If you make a simple Fourier transform, you see the fixed-frequency components. But the inspiral waves don't have any fixed frequency. I feel that one should systematically search for the "signals with the increasing frequency" – increasing basically according to the most likely predictions of GR. If I simplify things just a little bit, calculate the inner product of the raw data from the detector with the first graph in this article – and do it for various/all choices of the frequency, its rate of increase (modeled realistically, perhaps only for circular orbits), and the peak time (end of the event).

Isn't it possible that one could see many more events through the gravitational waves?

There could be a fun Kaggle contest

The task could be basically to take the raw data from several months of LIGO (fake or, which would be much more exciting, real data) and make as many discoveries of gravitational waves as possible. The criterion could be simple. You could get the data from both detectors but with the hours randomly permuted, or something like that, and you would try to identify all the choices of
(frequency, parameter labeling the rate of frequency increase, timing of the peak/end)
and your score would count, using some quantitative formula, all the events that you hypothesized and that overlapped between the two detectors sufficiently accurately in real time. The preliminary score could be calculated from some period of the LIGO run, the final score could be calculated from the rest, as you are used to in Kaggle contests.

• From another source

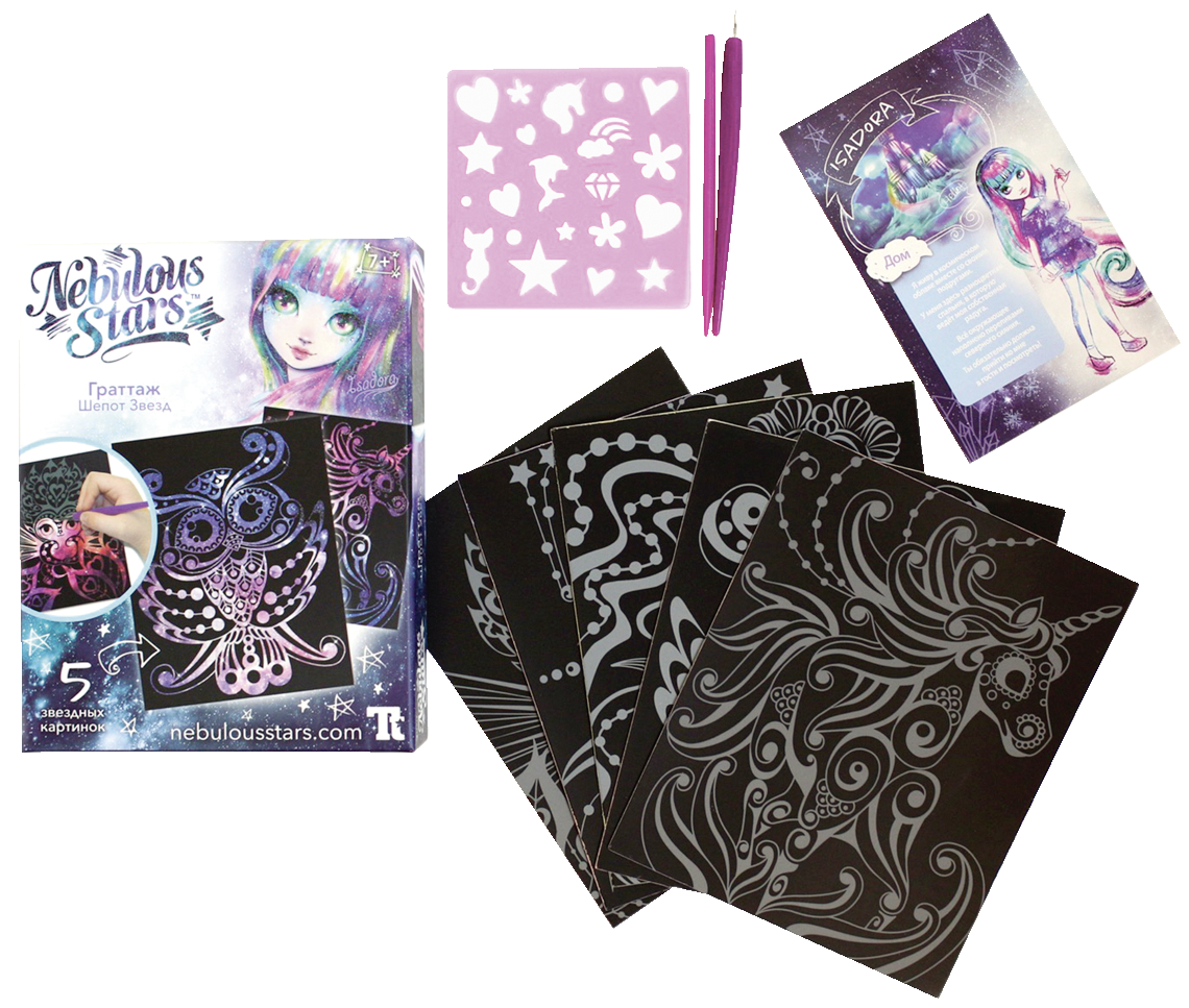 Галактика Nebulous Stars - это сказочный мир творчества и волшебства! Девочки готовы приоткрыть завесу тайны и раскрыть секреты космической силы и магии, проводить тебя в мир добра, красоты и положительных эмоций! Граттаж – это древняя техника нанесения рисунка методом процарапывания заостренным инструментом. Открой для себя красочную галактику в сказочном блеске! В наборе: 5 звездных картинок, 2 инструмента-скребка, 21 трафарет, история звезды Айседоры. Возрастное ограничение 7+
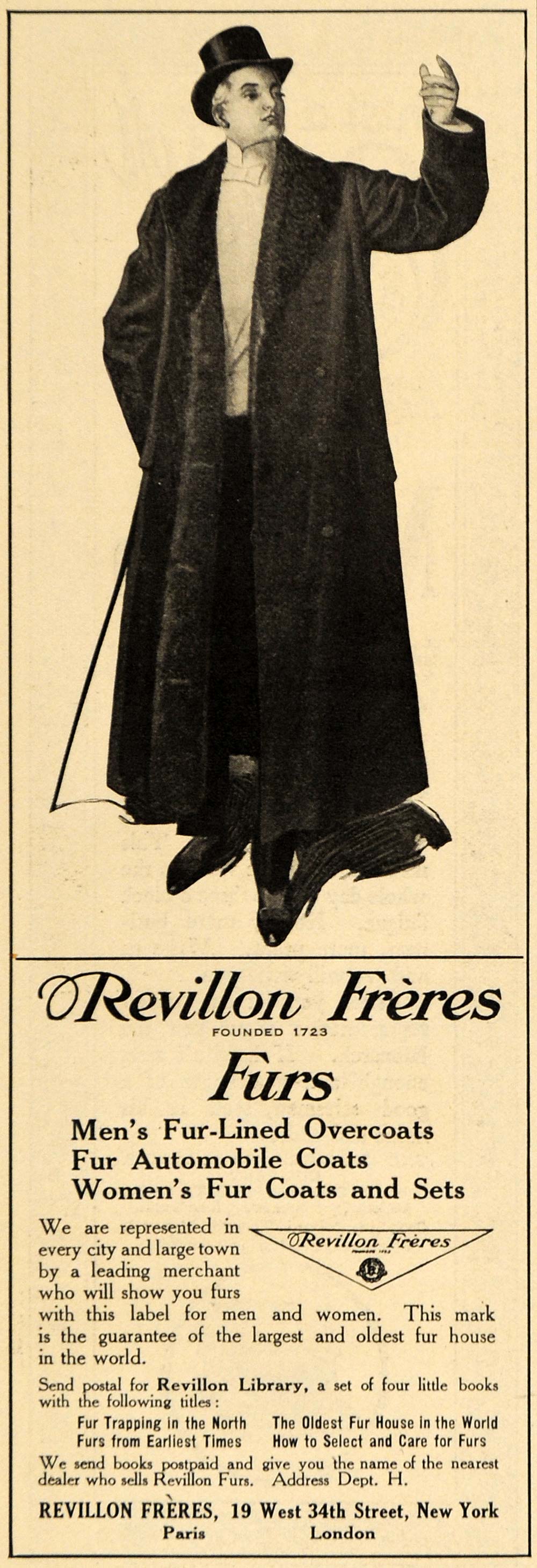 This is an original 1911 black and white print ad for Revillon Freres Furs, makers of men's fur line overcoats, fur automobile coats, women's fur coats and sets. Revillon Freres is located at 19 West 34th Street, New York City. Founded in 1723.

There could be some room for "chance" but if a Kaggle user were really good, she could defeat the competition by a huge amount and persuade most of us that very many events may be discovered in the data.

I have no idea about the actual formats of the data in which they're sending the LIGO observations, and so on. But to make the contest realistic and the data to be downloaded acceptably small, you could have 1 byte of information for the "change of the length" in each 0.001 second for each detector (one would search for the part of the signals where the frequency is below or well below 1 kHz), you need just 86.4 megabytes per day. That's some 5 gigabytes per two detectors per month. Maybe in this way, they could just give the contestants 20 GB to be downloaded, it's not extreme. And maybe this 20 GB file could be nicely compressed.

The timing could be scrambled in the dataset for both detectors. The time could be divided to a few thousand intervals that are in between 1 hour and 2 hours long. Your submission would contain up to 2x 50 = 100 candidate discoveries labeled by the moments of the peak, frequency, and something like the rate of the frequency increase. At most, you could make 50 discoveries if your 100 candidates were equally divided to 2 groups (Washington, Louisiana) and their "real time stamps" after the unscrambling would match with an accuracy comparable to 1 period in the waves. In reality, your success rate would be lower and you could be punished for inaccurate double hits etc. If there are some vibrations caused by something else than gravitational waves that are nevertheless expected to agree in between the two detectors, it would be nice to subtract them from the score in some controllable way (because one doesn't want to encourage the users to discover things that are not gravitational waves). I don't know what the previous sentence would mean in any detail.

Do you think it's possible? Do you have any ideas to improve the contest?

LIGO has 991 members right now but I feel that the organization looks a bit secretive and it seems rather likely to me – this is no official accusation, just a guess – that their computational methods are suboptimal and the Kaggle sort of analysts could make a meaningful contribution.

If they want to release the data publicly, maybe they should first think about a contest like that – because in that case, it could be a good idea to release the data only in some permuted or otherwise "incomplete" form.